Seated Heart Opener (Vajrasana-variation) N o doubt Sleep makes you feel better, but its importance goes way beyond just boosting your ...

Seated Heart Opener (Vajrasana-variation)
Seated Heart Opener (Vajrasana-variation)
No doubt Sleep makes you feel better, but its importance goes way beyond just boosting your mood or banishing under-eye circles.
  • Sleep plays an important role in your physical health, in regulating moods and reducing stress. If you habitually do not get a good night’s sleep, chances are that you may be aging faster than you should be, in addition to not feeling well and confused thinking. When we sleep, our body repairs on a cellular level and removes toxins. It is therefore necessary to get at least six to eight hours of sleep daily.
  • But no matter how hard you try, you just cannot sleep peacefully. Insomnia is a very common problem nowadays. Due to our hectic lives, irregular food timings, stress and thus many other triggers, most of us have lost our night’s peaceful sleep.
  • You have being feeling tired and sleepy the whole day, couldn’t concentrate on anything and constantly thinking about your bed and blanket.
  • Now, Its 12:00 midnight—you’ve put the finishing touches on tomorrow’s presentation, put on your night cream, done some much-needed laundry, and read all messages on your phone. You are underneath the blanket, keen to capture a few hours of shut-eye.
  • The problem is, you can close your eyes but your brain—refuse to close.
Sound familiar?

The occasional sleepless night, while annoying, is no big deal. Chronic insomnia however, can pose a serious threat to your health and well being. For example, sleep is involved in healing and repair of your heart and blood vessels. Talking about some serious problems, ongoing sleep deficiency is linked to an increased risk of heart disease, kidney disease, high blood pressure, diabetes, and stroke.

Harvard University researchers recently discovered that a regular yoga practice helped people fall asleep faster, stay asleep longer and improved the overall quality of their rest.

It forces you to be present, slowing down all the worries that collect throughout the day.”

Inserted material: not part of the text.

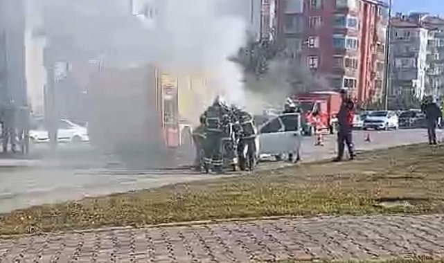 Motor kısmından yangın çıkan otomobilde maddi hasar oluştu

One way you may be able to snatch some extra shut-eye is by adopting a nightly yoga routine. You don’t have to be a die-hard yogi to reap valuable sleep benefits. Lets begin our yatraa…

Just Breathe:

This is a must lesson in my first yoga session, applicable for all age groups. People generally gets stunned that all these years they have been following wrong pattern of breathing.
  • Yoga goes beyond just bending and twisting. Breathing techniques play an essential role in grounding the body and opening the mind.“belly breathing,” or abdomen breathing a respiration method people often use to relax and rejuvenate while practicing yoga.
  • Put one hand on your belly and inhale, expanding your belly like a balloon. Each time you inhale, try to relax and inflate your belly as much as you can.
  • Yoga also encourages you to tune in to the present moment, often by focusing on the breath, which allows you to stop worrying about things that happened in the past or might happen in the future.
  • While there isn’t one specific pose that will automatically send you into a deep sleep,
  • Here are simple sleep-stimulating yoga poses to try, so lets begin our yatraa…
  • Reclined Butterfly: Deepen the benefits of the simple butterfly pose with Supta Baddha Konasana (Reclining Butterfly Pose). Ease the fatigue experienced from extended walking and standing with this particular pose. It also helps in stretching your legs, groins, inner thighs, and even hips. Close your vision and concentrate on your breathing pattern, and find out how your body relaxes its method to a good night’s sleep.
Reclined Butterfly Supta Baddha Konasana (Reclining Butterfly Pose).
Reclined Butterfly Supta Baddha Konasana (Reclining Butterfly Pose).
Chandra Bhedana – Left Nostril Breathing:

This pranayama can help you relax completely and allows the body to cool down. You can do it either to take a seat in Sukhasana (Easy Pose) or Padmasana (Lotus Pose) or even by lying down to your right. Close your right nostril completely and left nostril partially. Inhale using your left nostril, close it entirely, and then exhale through your correct one. In this breathing exercise, you usually breathe in with the left nostril and breathe out through your right. One inhalation and something exhalation make one round. That you can do 5 to 10 such rounds to place yourself at peace.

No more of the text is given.